# Pairing motorola phone with blue tooth Sony radio/mp3 player



## zhong (Aug 1, 2010)

I read all instructions from my cell phone to MEX-BT2800-
blue tooth Sony radio/cd/mp3 player player.

I have problems pairing motorola phone with blue tooth Sony radio/cd/mp3 player player- MEX-BT2800.

My cell phone is Motokrzr K1m and Bluetooth Audio System MEX-BT2800-
blue tooth Sony radio/cd/mp3 player player.
.
Pairing-
I get the bluetooth sony system working and accepted/connected to XPLOD. I didn't need to enter any passcode for it to connect and accept.
My cell phone is on MTS auto anwser. HOwever when I try to phone it calls and connects, but nobody can answer the phone on the other end which I dial to, nor could anybody phone to me when my blue tooth is enabled.

Could someone please tell me what I am doing wrong?
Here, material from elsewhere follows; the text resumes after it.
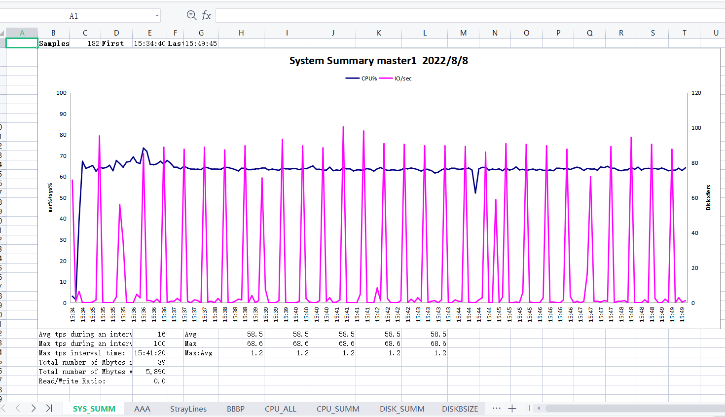 监控服务器资源使用情况,查看压测时段,服务器资源使用情况是否正常。使用命令:./nmon_x86_64_opensuse12 -F 监控数据存放的路径及文件(如master1.nmon) -s 5 -c 182监控服务器资源使用情况。

Is there something at fault with the Sony Bluetooth ?


Thanks.


----------



## zhong (Aug 1, 2010)

I have it working using voice recognition, however it won't work by pressing the no. buttons on my cell phone. It show connects when I click to ring some one, but no one is able to anwser the phone from the phone I ring to.

Thanks.


----------